From: Jason Gunthorpe
Date: Fri Feb 11 2022 - 19:01:26 EST


On Fri, Feb 11, 2022 at 09:43:56PM +0000, Joao Martins wrote:
> The plumbing for the hw-accelerated vIOMMU is a little different that
> a regular vIOMMU, at least IIUC host does not take an active part in the
> GVA -> GPA translation.
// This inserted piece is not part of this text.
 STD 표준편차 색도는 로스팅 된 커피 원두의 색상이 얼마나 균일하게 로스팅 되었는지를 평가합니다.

Suravee's preso explains it nicely, if you don't
> have time to fiddle with the SDM:
>
> https://static.sched.com/hosted_files/kvmforum2021/da/vIOMMU%20KVM%20Forum%202021%20-%20v4.pdf

That looks like the same nesting everyone else is talking about.
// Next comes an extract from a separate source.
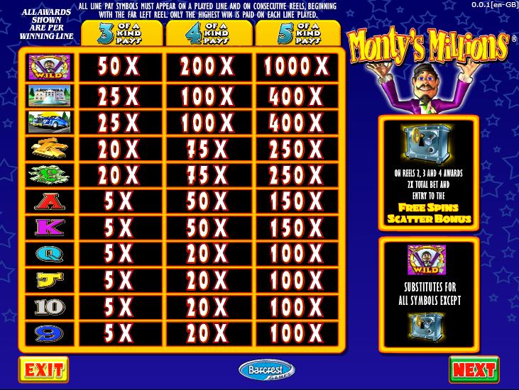 The slot’s best paying symbol, the wild with Monty on it, will offer up to 1,000 coins, in exchange for one coin wagered per line. You only get $10,000 cash in the best case scenario.

I've been refering to this as 'user space page tables' to avoid a lot
of ambiguity becuase what it fundamentally does is allow userspace to
directly manage an IO page table - building the IO PTEs, issue
invalidations, etc.

To be secure the userspace page table is nested under a kernel owned
page table and all the IO PTE offsets/etc are understood to be within
the address space of the kernel owned page table.
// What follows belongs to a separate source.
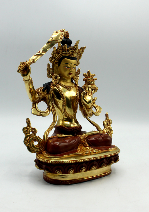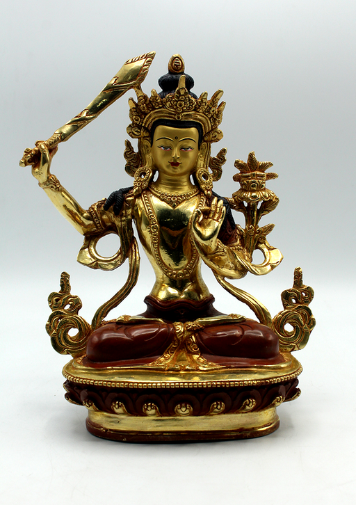The partly gold-plated Manjushri Statue represents the embodiment of wisdom and intellectual clarity. Seated in a meditative posture, Manjushri ho...

When combined with KVM the userspace is just inside a VM.

> 1. Decodes the read and write intent from the memory access.
> 2. If P=0 in the page descriptor, fail the access.
> 3. Compare the A & D bits in the descriptor with the read and write intent in the request.
> 4. If the A or D bits need to be updated in the descriptor:

Ah, so the dirty update is actually atomic on the first write before
any DMA happens - and I suppose all of this happens when the entry is
first loaded into the IOTLB.

So the flush is to allow the IOTLB to see the cleared D bit..

> > split/collapse seems kind of orthogonal to me it doesn't really
> > connect to dirty tracking other than being mostly useful during dirty
> > tracking.
> >
> > And I wonder how hard split is when trying to atomically preserve any
> > dirty bit..
> >
> Would would it be hard? The D bit is supposed to be replicated when you
> split to smaller page size.

I guess it depends on how the 'acquire' is done, as the CPU has to
atomically replace a large entry with a pointer to a small entry,
flush the IOTLB then 'acquire' the dirty bit. If the dirty bit is set
in the old entry then it has to sprinkle it into the new entries with
atomics.

> This is just preemptive longterm thinking about the overal problem
> space (probably unnecessary noise at this stage). Particularly
> whenever I need to migrate 1 to 2TB VMs. Particular that the stage
> *prior* to precopy takes way too long to transfer the whole
> memory. So I was thinking say only transfer the pages that are
> populated[*] in the second-stage page tables (for the CPU) coupled
> with IOMMU tracking from the beginning (prior to vcpus even
> entering). That could probably decrease 1024 1GB Dirtied IOVA
> entries, to maybe only dirty a smaller subset, saving a whole
> bootload of time.

Oh, you want to effectively optimize zero page detection..

> I wonder if we could start progressing the dirty tracking as a first initial series and
> then have the split + collapse handling as a second part? That would be quite
> nice to get me going! :D

I think so, and I think we should. It is such a big problem space, it
needs to get broken up.

Jason